How do you see real estate market saturation?
I’ve gotten some feedback from some students of mine about being told, or feeling within themselves that the market’s too saturated for them to become a real estate wholesaler or an investor. I just want to share some thoughts with you on that. I live in a fairly large town, the Sarasota-Bradenton area and it’s a very popular area for real estate and rentals. Sometimes the market will heat up and it seems like there’s just no more deals out there.
What I do in that particular situation is I move outside of my direct area. Now, the reason I’m bringing this up is one of the students was from downtown Baltimore, and sent me an email saying, “I’ve heard it’s just too saturated. I can’t do it.”
What do you think?
The other person was from a small town in Arkansas. The exact opposite situation in market size, but they were telling the same tale. They market is saturated. there’s too many people doing it. There’s no opportunity here. There’s not enough deals around for everybody.
I understand
My market can get so hot that you can no longer find deals that you can wholesale to a real estate investor. Especially to keep for a rental. The numbers just don’t work. So you’re basically stuck selling them to rehabbers only. And if you buy into a $300,000 house that you’re going to flip to a rehabber, you better have some rehabbers lined up because if not, you’re never going to get the deal closed.
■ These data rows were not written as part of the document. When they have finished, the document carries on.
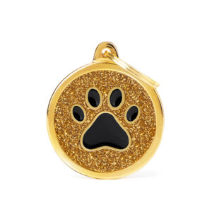 Deja que tu mascota robe el espectáculo a todos con la Placa Shine Círculo grande Purpurina oro Hueso Negra. Este accesorio se convertirá en un must para los amantes de las mascotas más fashionistas. Realizada en cada detalle en nuestra manufactura en Italia, está esmaltada a mano. Personalizable en la parte trasera con un grabado fácilmente legible y duradero. Equipada con un práctico anillito para engancharla al Porta-Placa.
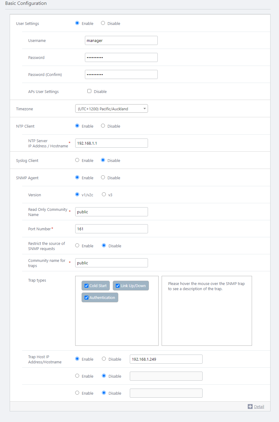 AuthenticationSelect the SNMP Trap types to generate. Trap Host IP Address/Hostname 192.168.1.249 Specify IP addresses or hostnames (FQDNs) to which SNMP traps will be sent.
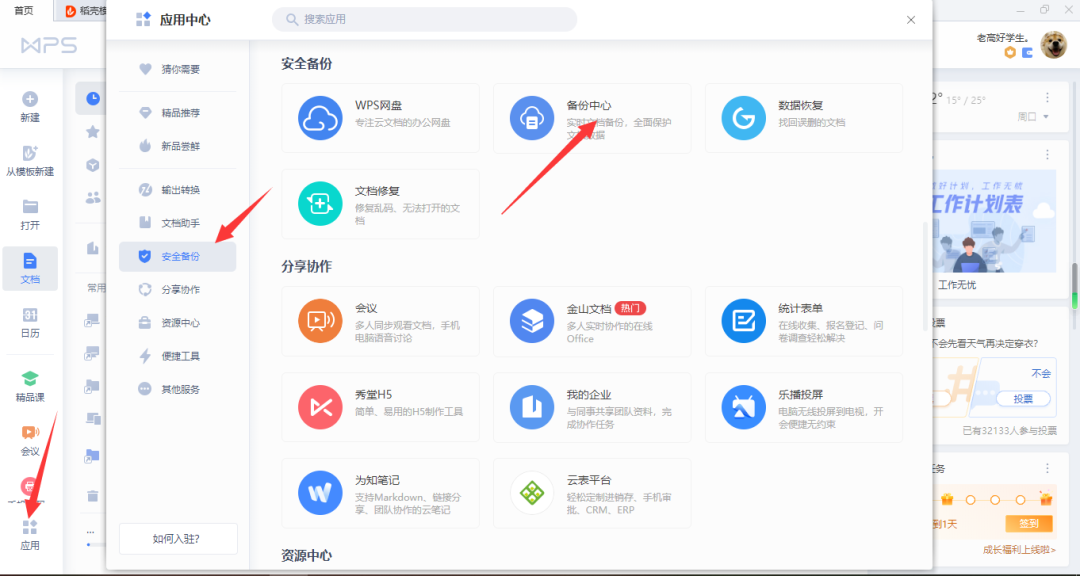 第一步:打开WPS的主页,点击左下角的“应用”选项卡,弹出一个窗口,选择“安全备份”,再点击“备份中心”。

If you do close on it yourself and try and flip it, you may be stuck with an alligator that’s going to eat you up in interest payments in no time. When you close on a $300,000 to $500,000 houses and do a rehab, you’ve got to have your deal together, have a crew in place and knock that thing out. Be in and out and just a couple months, because you let a deal like that drag on for six or eight months or a year, you’re going to eat up all your profit just in interest payments.
How to combat the issue
What I want you to do is start thinking in a larger scale.
That’s what I do when things get tight. My area has got a couple hundred thousand people in it. When the deal start getting thin, I’ll move out into smaller nearby towns like Arcadia or Wauchula. They’ve got 30,000 or so people, and there’s deals out there.
There’s plenty of deals, but there’s not many buyers there. If there are buyers, they’re very few and far between and, they’re really holding the prices down and getting really good deals that they can rent out and make good cash flow.
The Plan
What I’ll do is market for the wholesale deals out in these smaller towns, and then market them to our investors in the larger towns. Usually with a much higher ROI for their rental investment. They’re happy, I’m happy. I’m still doing deals and everybody walks away good.
So keep that in mind that you’re not constrained by a geographical area. Stay within 25 to 30 minutes away. I probably wouldn’t go more than an hour away just because of logistics for a landlord to go by and take a look at the property. If you can stay reasonably close to home and still do deals, then do it. A lot of people, especially new investors, will take that opportunity of hearing someone say it’s too saturated to quit. They’ll use that opportunity to say, “well probably shouldn’t get in the business, or I’m just gonna quit.” In reality, if they just stick with it, they’d wind up doing well.
Disclaimer: I am not an attorney or CPA. The content herein is merely opinion, and should in no way be considered legal or financial advice. Please seek professional legal and financial advice for your specific situation.